It one root of the equation \(\mathrm{x}^{2}+\mathrm{px}+12=0\) is 4 , while the equation \(\mathrm{x}^{2}+\mathrm{px}+\mathrm{q}=0\) has equal roots, then the value of \(\mathrm{q}\) is (a) \((49 / 4)\) (b) 12 (c) 3 (d) 4

Vieta's formulas are a set of equations that relate the coefficients of a polynomial to sums and products of its roots. Specifically, for a quadratic equation of the form \( ax^2 + bx + c = 0 \), the formulas state that the sum of the roots \( -\frac{b}{a} \) and the product of the roots \( \frac{c}{a} \).

For the quadratic equation \( x^2+px+12=0 \) given in the exercise, where the leading coefficient \( a = 1 \), Vieta's formulas tell us that if one root is 4, the other can be calculated as follows:

\begin{align*}\text{Sum of roots} = -p &= 4 + r \( r \) being the other root,\text{Product of roots} = 12 &= 4 \times r \end{align*}
By solving the product equation for \( r \), we can deduce that the second root is 3, and consequently find the value of \( p \) by using the sum equation. This brilliant insight comes from Vieta's elegant connection between the roots and coefficients of polynomials.

The discriminant of a quadratic equation provides critical information about the nature of its roots. For a general quadratic defined by \( ax^2 + bx + c = 0 \), the discriminant is \( D = b^2 - 4ac \) and can determine whether the quadratic has real or complex roots and whether those roots are distinct or repeated.

When \( D > 0 \), there are two distinct real roots. If \( D = 0 \), the equation has exactly one real root, meaning it is a repeated or double root. Lastly, if \( D < 0 \), the equation has two complex roots.

In the context of the given exercise, we explored the second equation, where we know the roots are equal. Therefore, the discriminant \( D \) must be zero. This condition allows us to establish a relationship between \( p \) and \( q \) and eventually solve for the unknown value of \( q \) using the derived formula for the discriminant.

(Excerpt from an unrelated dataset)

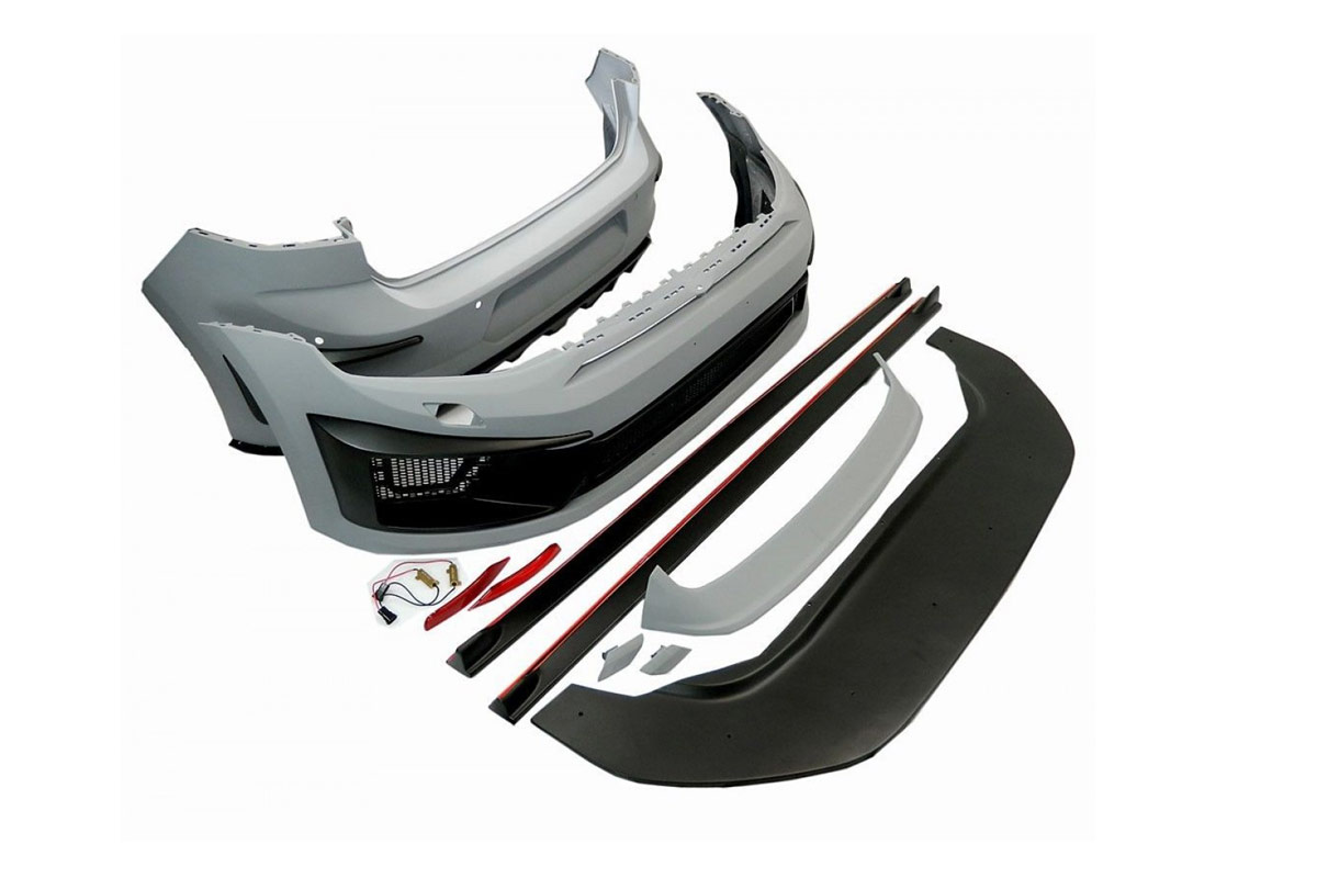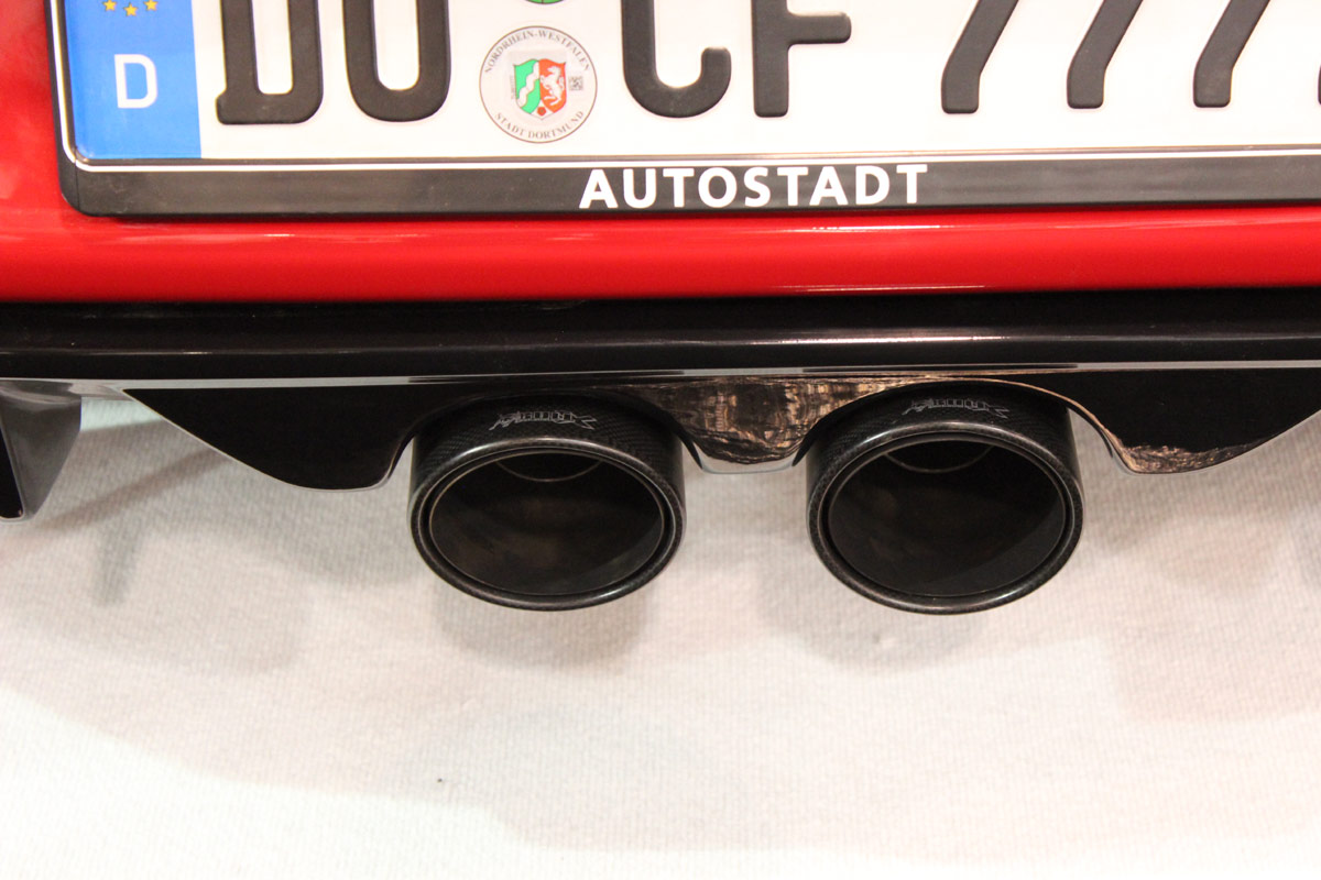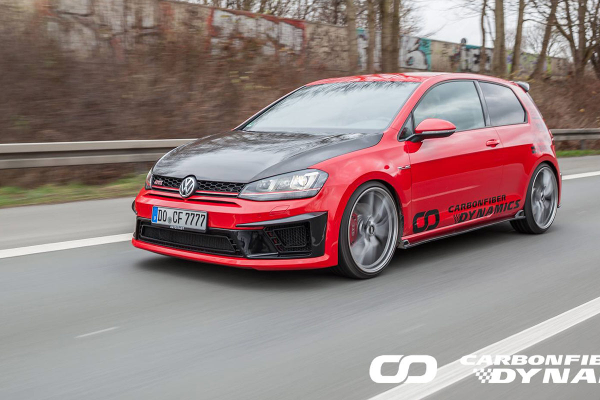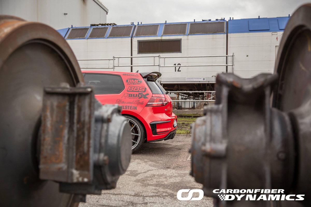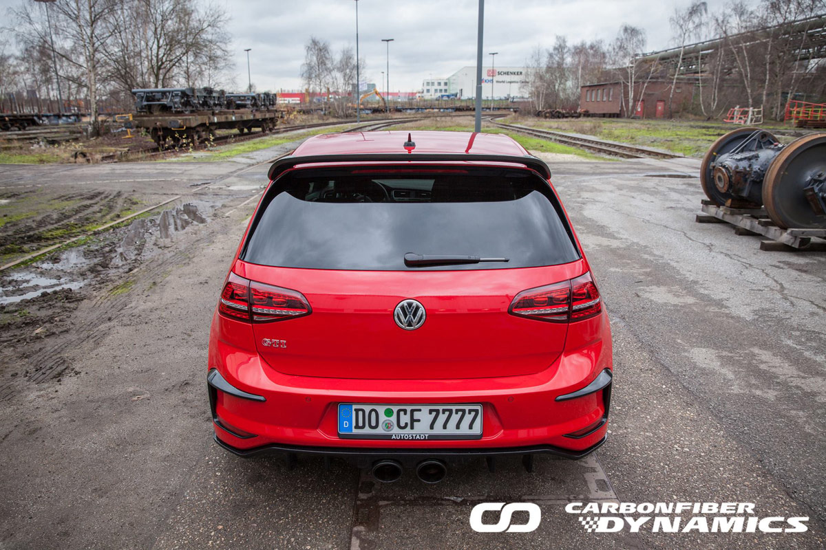 {1}Gefertigt wird das aus ABS-Kunststoff bestehende Bodykit von der Firma Scope Carbon, vertrieben wird es in Deutschland von Carbonfiber Dynamics aus Dortmund. Geizeigt haben die Jungs das Bodykit unter anderem auf der Essen Motor Show 2015, wo man sich einen guten Eindruck von Frontschürze, Seitenschwellern du Heckschürze machen konnte. Das R400 Style genannte Bodykit kommt mit einem TÜV-Gutachten und setzt eine bei den Endrohren mittig zusammengeführte Abgasanlage voraus. Passen soll das Kit ansonsten aber für den normalen Golf VII ebenso wie für GTI und R.

The roots of a quadratic equation \( ax^2 + bx + c = 0 \) are the solutions to the equation and are calculated using the quadratic formula: \(\frac{-b \pm \sqrt{D}}{2a}\), where \( D \) is the discriminant. If the discriminant is zero (\( D = 0 \)), the quadratic formula shows us that there is only one root, or rather, a repeated root, because the term \( \pm \sqrt{D} \) becomes zero.

In the exercise we are considering, the second equation is said to have equal roots, meaning the discriminant is zero. This implies that both roots have the same value, further supporting our findings obtained through Vieta's formulas and the discriminant. Consequently, the single root's value is tightly integrated with the coefficients \( p \) and \( q \) of the quadratic, which influences our approach to finding the unknown \( q \) given the condition of equal roots.